Tru64 UNIX and Linux Systems and

 the Tru64 Unix Programmers Guide (C)

 

 

Compiling and Linking Fortran Programs

To enable the use of OpenMP Fortran API compiler directives in your program, you must include the -omp compiler option on your f90 command:

 

% f90 -omp prog.f -o prog

 

 

Compiling and Linking Fortran Programs

To enable the use of OpenMP C API compiler directives in your program, you must include the -omp compiler option on your C command:

 

% cc -omp prog.c -o prog

 

 

Compiler Options

 

 

o      –omp

 

Causes the compiler to recognize only OpenMP manual decomposition pragmas and to ignore old-style manual decomposition directives. (Note that the -mp and -omp switches are the same except for their treatment of old-style manual decomposition directives; -mp recognizes the old-style directives and -omp does not.)

 

o      -granularity  size

Controls the size of shared data in memory that can be safely accessed from different threads. Valid values for size are: byte, longword, and quadword:

byte

Requests that all data of one byte or greater can be accessed from different threads sharing data in memory. This option will slow run-time performance.

longword

Ensures that naturally aligned data of four bytes or greater can be accessed safely from different threads sharing access to that data in memory. Accessing data items of three bytes or less and unaligned data may result in data items written from multiple threads being inconsistently updated.

quadword

Ensures that naturally aligned data of eight bytes can be accessed safely from different threads sharing data in memory. Accessing data items of seven bytes or less and unaligned data may result in data items written from multiple threads being inconsistently updated. This is the default.

o      -check_omp

Enables run-time checking of certain OpenMP constructs. This includes run-time detection of invalid nesting and other invalid OpenMP cases. When invalid nesting is discovered at run time and this switch is set, the executable will fail with a Trace/BPT trap. If this switch is not set and invalid nesting is discovered, the behavior is indeterminate (for example, an executable may hang).

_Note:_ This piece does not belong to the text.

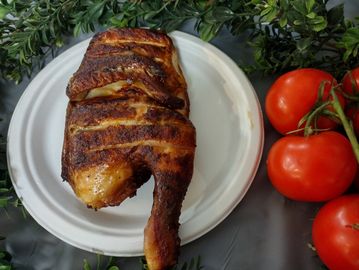 Big piece of tender chicken with our BBQ sauce. Ask us for yours.
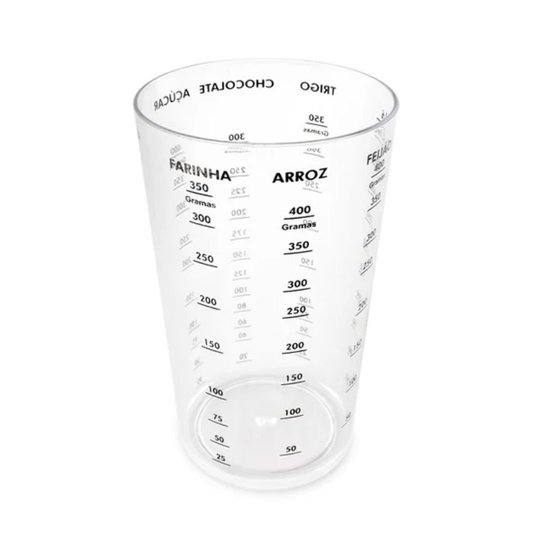 Contém medidas para arroz, farinha, açúcar, feijão e outros alimentos.

The compiler detects the following invalid nesting conditions:

o      Entering a for, single, or sections directive if already in a work-sharing construct, critical section, or a master

 

o      Executing a barrier directive if already in a work-sharing sharing construct, a critical section, or a master

 

o      Executing a master directive if already in a work-sharing construct

 

o      Executing an ordered directive if already in a critical section

 

o      Executing an ordered directive unless already in an ordered for

The default is disabled run-time checking.

 

 

Adjusting the Run-Time Environment

 

o      The OpenMP API and the Compaq parallel compiler directive sets also provide environment variables that adjust the run-time environment in unusual situations.

 

o      Regardless of whether you used the -omp or the -mp compiler option, when the compiler needs information supplied by an environment variable, the compiler first looks for an OpenMP API environment variable and then for a Compaq parallel compiler environment variable.

 

o      If neither one is found, the compiler uses a default.

 

o      The compiler looks for environment variable information in the following situations:

o      When entering a parallel region, it looks for the number of threads (OMP_NUM_THREADS or MP_THREAD_COUNT),the spin count (MP_SPIN_COUNT), the yield count (MP_YIELD_COUNT), and the stack size (MP_STACK_SIZE).

 

o      When entering a DO or PARALLEL DO directive that has RUNTIME specified, it looks at schedule type (OMP_SCHEDULE.

 

o      When entering a worksharing directive, it looks at chunk size (MP_CHUNK_SIZE).

 

 

OpenMP API Environment Variables

The OpenMP API environment variables are listed:

OpenMP API Environment Variables

Environment Variable1

Interpretation

OMP_SCHEDULE

 

This variable applies only to DO and PARALLEL DO directives that have the schedule type of RUNTIME. You can set the schedule type and an optional chunk size for these loops at run time. The schedule types are STATIC, DYNAMIC, GUIDED, and RUNTIME.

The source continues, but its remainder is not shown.